Let’s parse that a bit:  Caillou stands for “all children.” He has no “ethnic features” because he “represents all children.” Ergo, he is “universal.”

Um, no, Chouette Publishing. Caillou actually does have ethnic features. He’s white. He is a Caucasian child. He is, more specifically, a Caucasian boy. He’s a Caucasian boy in a white two-parent, middle class family. You don’t get to make him “universal” by making him FUCKING HAVE NO HAIR.

A hairless white boy does not equal “EveryKid.”

And who is this relatable Universal Child surrounded by?  Apparently, The Other. You know, kids with ethnic features. Caillou has a veritable rainbow of diverse friends if for no other reason than to teach about various winter holidays – Clementine is a black girl whose family celebrates Kwanzaa, Leo’s Jewish family celebrates Hanukkah, and Sarah’s family celebrates Chinese New Year. Unlike our so-called ethnicity-free protagonist, Clementine has a large nose, and Sarah has slanted eyes. If he’s supposed to represent everyone, am I to assume they are not?

Don’t get me wrong. I’m thrilled to have even supporting characters of color on any cartoon. Akeyla’s eyes lit up one day after she had her hair freshly braided: “Mommy, Clementine has braids just like I do!” Just don’t try to pass your white main character off as some kind of archetypal everychild. Making Caillou bald does not make him “universal so every child [can] identify with him.” It makes him a bald white boy.

Why does this piss me off? Well, for a publisher to suggest to my children of color that a bald white boy is the best way to represent a universally relatable child is the worst kind of clueless white privilege.

And having children of color not just as secondary characters — but as protagonists — in media created for children matters. By 2014, census numbers show that over half of the children in the United States will be non-white. (Even in supposedly lily-white Canada, where “Caillou” originated, minorities are projected to make up one-third of the population by 2031.) In contrast, a 2012 study by the Cooperative Children’s Book Center at the University of Wisconsin-Madison found that less than eight percent of children’s books were about people of color.

It matters because the majority of children will have few books filled with children who look like them doing the everyday things that children do. The importance of this sort of modeling cannot be overstated. But it goes beyond simply having a mirror for non-white kids to look into.

It matters to white kids too.

They will be growing up in a world filled with kids of all different colors and you know what? It’s important that they see brown kids doing the everyday things that all children do too. It matters that we show human children other human children in all the shades of humanity, so that maybe, just maybe, the next generation will be able to see humanity in all the people around them.

And maybe, just maybe, we won’t be scraping the corpses of our black boys off the sidewalks of America, because they look scary, because they look different. Because they are Other.
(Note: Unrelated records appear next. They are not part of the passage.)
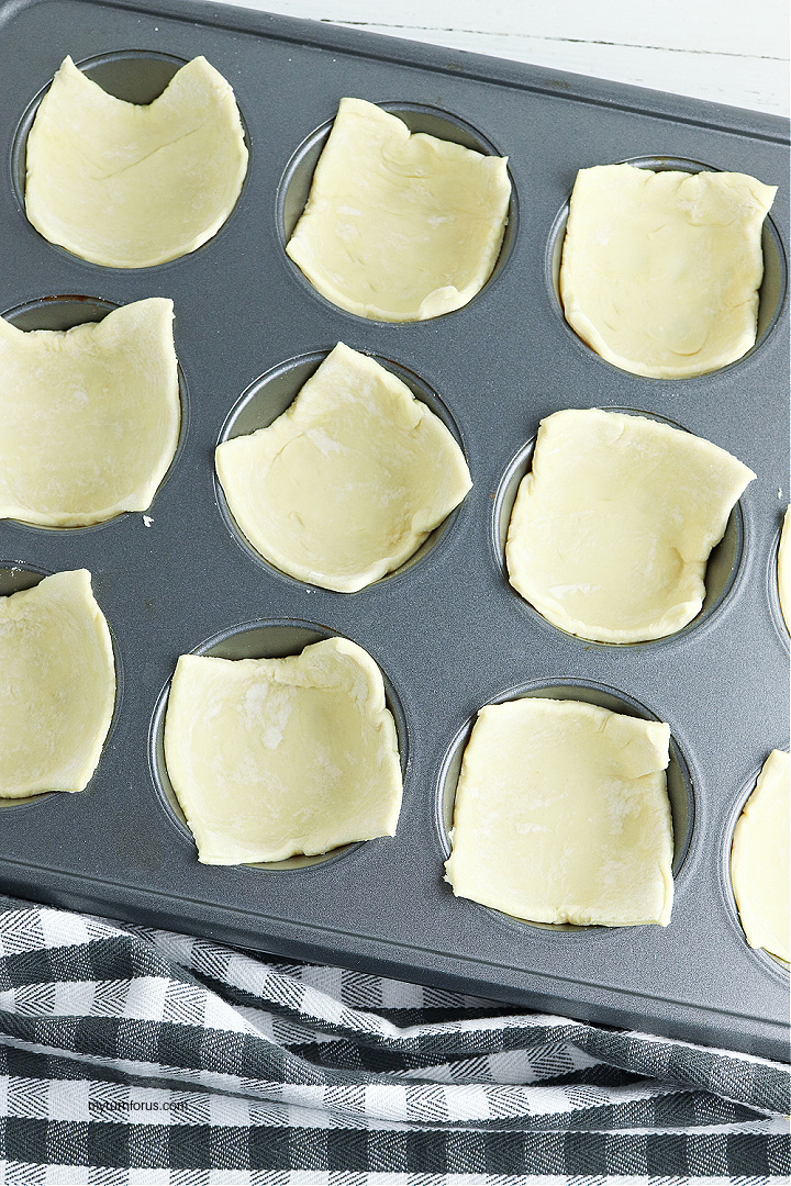 - Gently press one puff pastry rectangle into each muffin cup, letting the corners drape over the edges a bit—these will become the pretty, flaky tops!
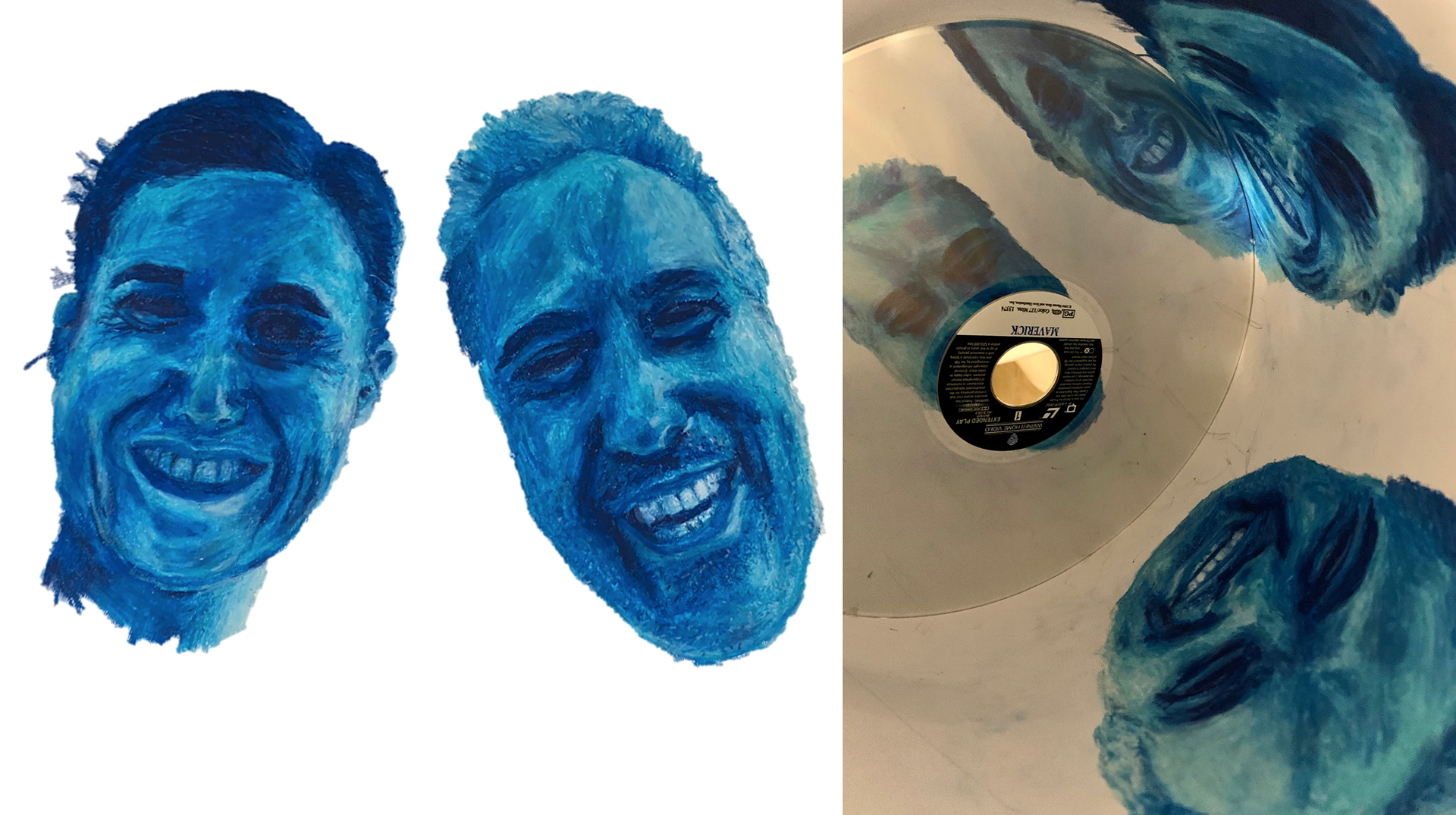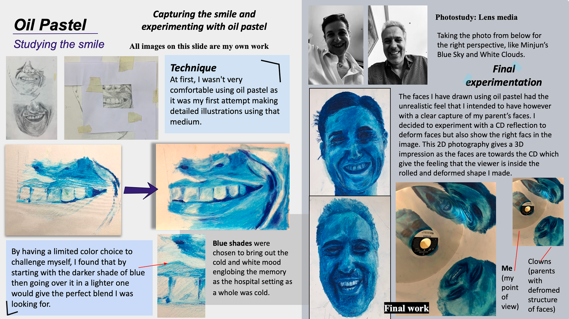 After waking up under anesthesia in a hospital bed, I still remember the image of my parents as clowns smiling down at me when I was 3 years old. This piece communicates a captured moment where familiar faces changed in a strange way. The act of my parents smiling in joy is contrasted with the feeling I had when seeing them differently. My choice of using this textured medium, the color blue, and the representation of clown faces in my own way, all support the emotions that carried this memory.
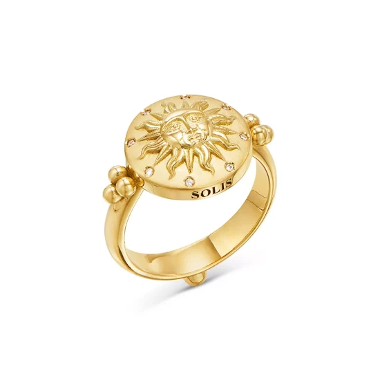 - An astronomical-inspired design with antique feel, depicting a shining sun amidst diamond details
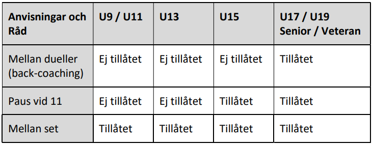 Observera att det är olika coachingregler för olika åldersklasser, se ovan.
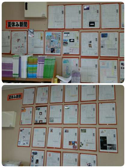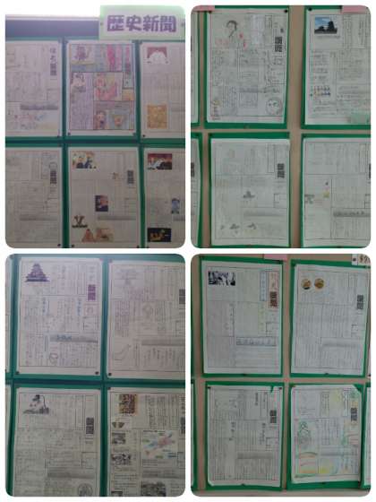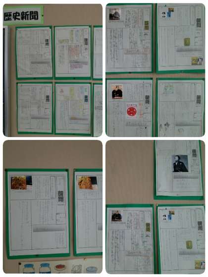 教室や階段の掲示板には夏休みの思い出を記事にした夏休み新聞と社会科で学習したことをまとめた歴史新聞が掲示されていました。
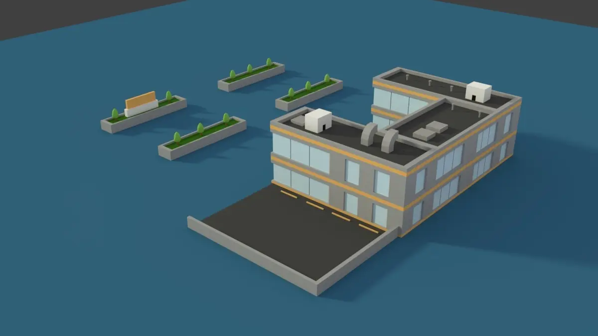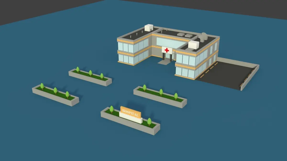 Low poly cartoony hospital building model with a parking lot. Also has some plants in front with a hospital sign. Check out the wireframe renders as well.
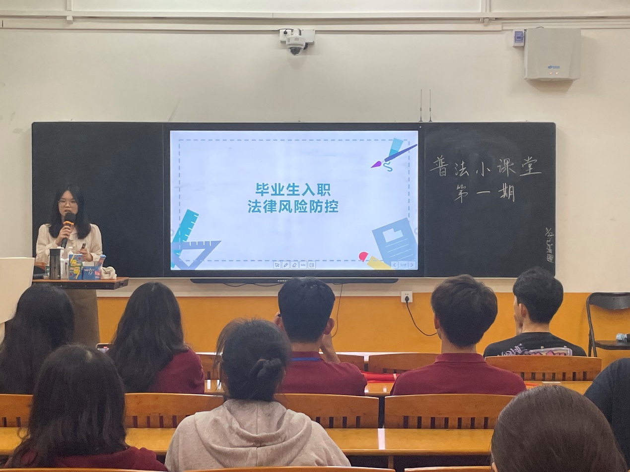首先,第一位宣讲人张昊琦,其宣讲的主题是《毕业生入职法律风险防控》。她用事例引出在毕业求职中会遇到的法律风险,从法律角度分析该风险并结合《劳动合同法》中相关法条提供相应解决途径,使同学们懂得如何使用法律保障自己的合法权益,从而规避求职中的风险。
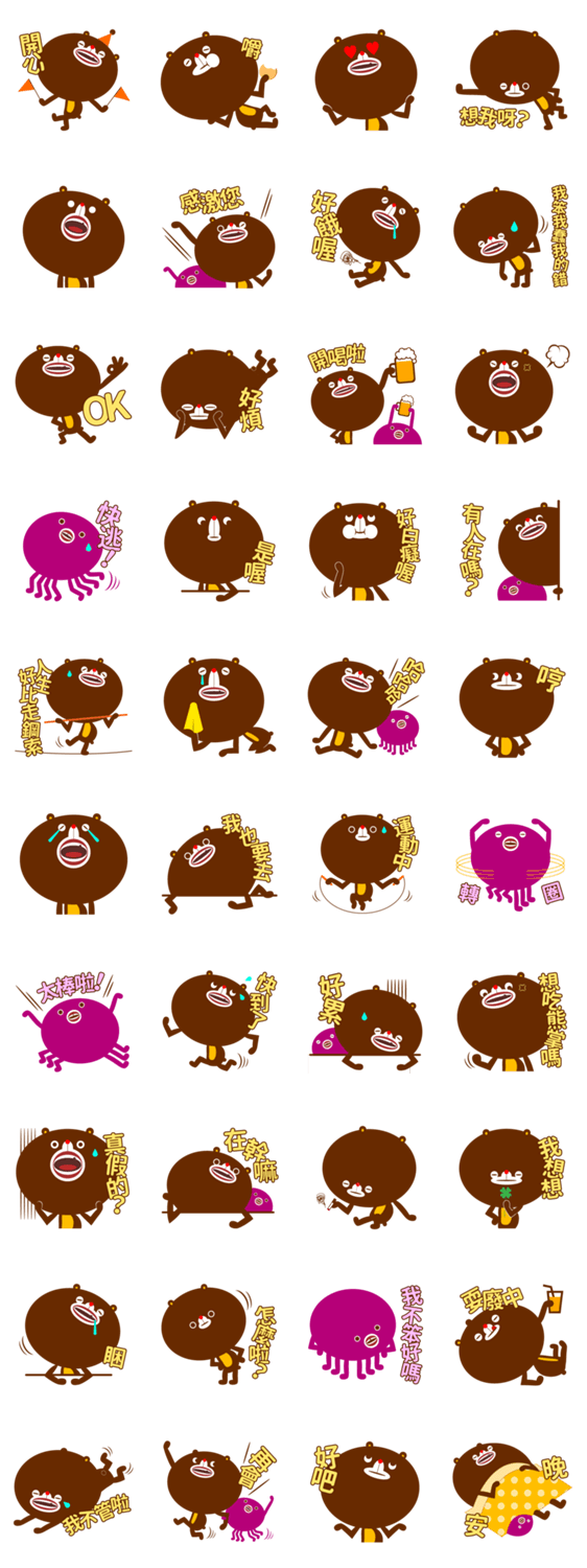 | スタンプ説明 | Daily life of BearBubble Senior & TaKo Junior. |
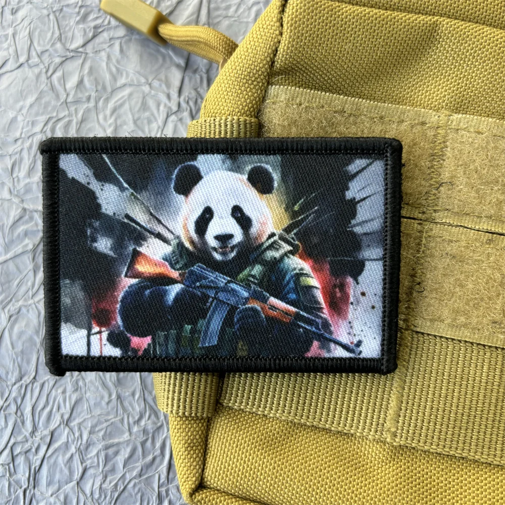 Parche con estampado de Panda en la ropa, insignia de moral Airsoft, parches tácticos militares, pegatinas de gancho y bucle para mochila, AK47
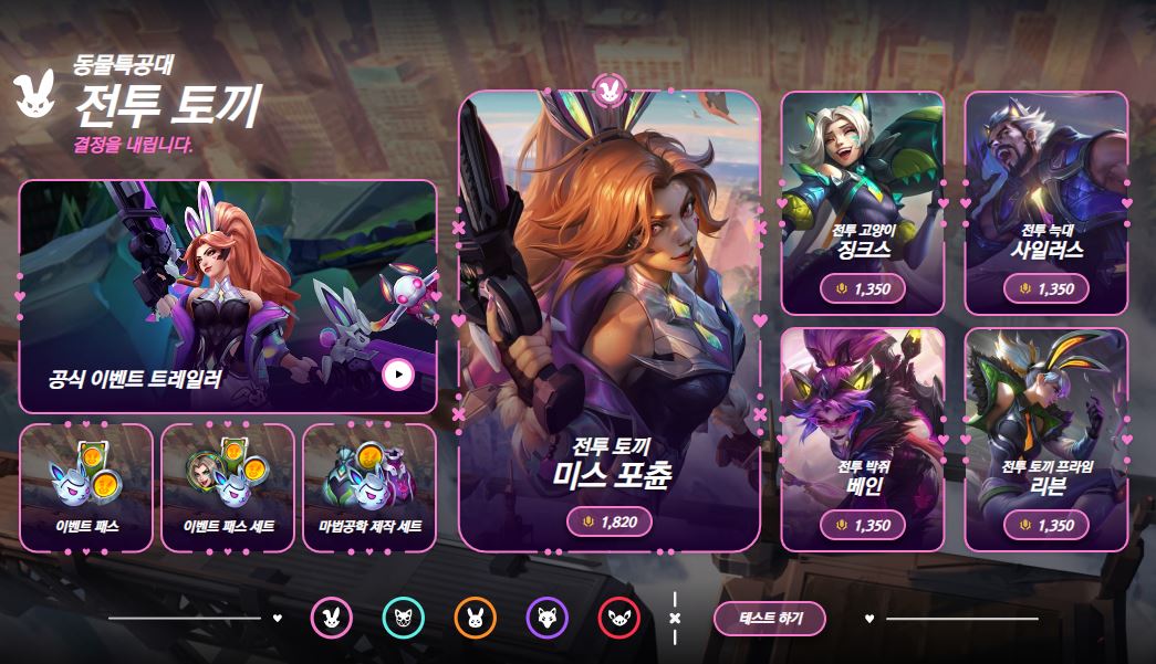 가격: 2022 동물 특공대 토큰 2000개 (신화급) 출시일: 2022년 12.6 패치 스킨 시리즈: 동물 특공대 동물 특공대 시리즈 1차 (12.6 패치) : 전투 토끼 미스포츈(전설급) 전투 토끼 프라임 리븐 전투 박쥐
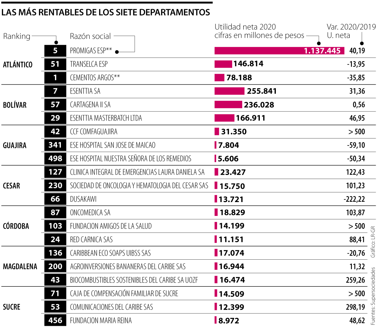 En Guajira está la caja de compensación Comfaguajira con $31.350 millones en utilidades, le sigue el Hospital San José de Maicao con $7.804 millones y termina de tercera el Hospital Nuestra Señora de los Remedio con $5.606. En Cesar está la Clínica integral de Emergencias Laura Daniela que dejó utilidades netas anuales por $23.427 millones, la Sociedad Oncológica y Hematológica con $15.750 millones y Dusakawi que, pese a que bajó sus ingresos en 2020, registró la tercera utilidad más grande del departamento con $13.721 millones.
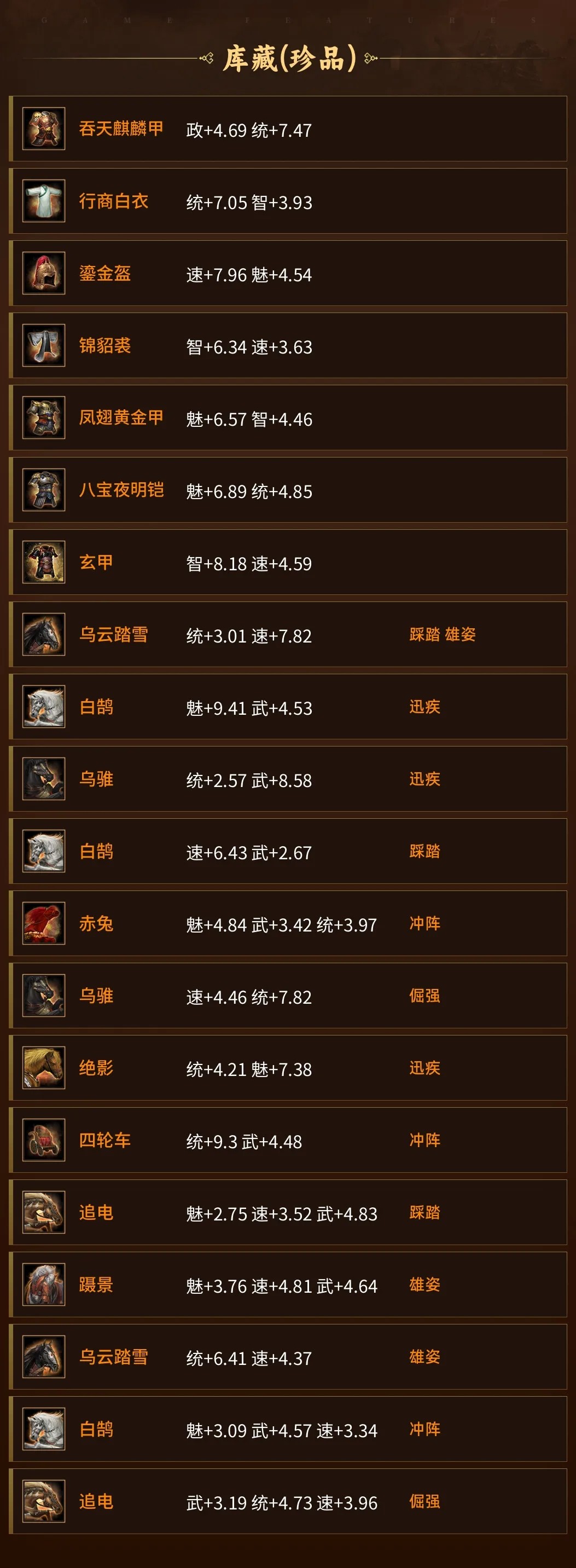 没时间玩了,各种强势满红队伍,直接最低价速出。装备拉满:三匹践踏马雄烈胆略,天公道纲兴师
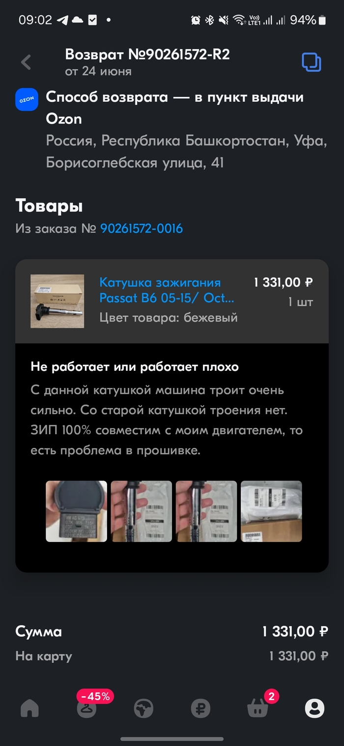 21.06 же устанавливаю, запускаю машину, если раньше была детонация двигателя на холостых, которая при прогреве никак не проявлялась и при простом повышении оборотов исчезала, то с этой катушкой мотор и при прогреве, и на холостых, и при поднятии оборотов хоть на какое значение хочет выскочить из подкапотного пространства и уйти в ближайший сервис на ремонт. Ставлю родную катушку обратно, становится как раньше, что значит, значит катушка неисправна. (Катушка по номеру с оригинальной сходится, то есть не подходить она не может на этот мотор). Создаю заявку на возврат 24.06 так как выходные были заняты, оформлял возврат на озон только один раз, опыта нет, как описал так описал, в конце написал ещё вместо "катушка" - "прошивка". Товарищ продавец в конце следующего дня отклоняет заявку на возврат, может где-то и приложил объяснения почему, я не нашел.

Maybe, it’s a place to begin.

Akeyla, her question still unanswered, is impatient with me now. “Mommmm! I asked you why Caillou is bald!” Well, clearly I wasn’t going to be feeding my black daughter a line of Chouette Publishing bullshit about Caillou’s universal relatability. Luckily, she’s still in the “I Accept Tautologies as Answers” phase.

“Because he has no hair, sweetie. Want some more milk?”


Update! I’ve learned a lot about Caillou since I posted this. From my friend, the children’s book illustrator Stacy Gray Illustration, I learned that the original illustrator and author, Helene Desputeaux, drew Caillou as bald because it was based on her baby, Caillou. Who was bald. Like babies are.

On further research, I learned that Chouette Publishers – maker of the absurd statement about Caillou’s non-ethnicity that I blogged about above — proceeded to screw her out of profits and put her through a 10-year legal battle until she was so stressed she couldn’t draw and ultimately settled.

On her current website, where she still offers illustrated books about Caillou, I found this book, about Caillou’s grandma:

She’s black.

Guess what? On the show, she’s white.  I suppose they thought that would make her more “relatable to all children.” Sigh.

I want everyone to click on that photo and buy Helene Desputeaux’s adorable book about a mixed race family. I’ve not done research, but I’m guessing one can count on one’s hands the number of books about black grandmothers and their white grandsons. This is the world my kids will live in. This is the world I want to see modeled in children’s media. It’s only $7.95 in Canadian dollars. I think that’s, like, practically free in the U.S. I’m not sure.


All month long over at my favorite online writing community, yeah write, we’re following ProBlogger’s 31 Days to Building a Better Blog. Today I’m talking about writing opinion posts – JUST LIKE THIS ONE – and you can link yours up too. Just click on the badge.

About Cindy Reed

I hate pants.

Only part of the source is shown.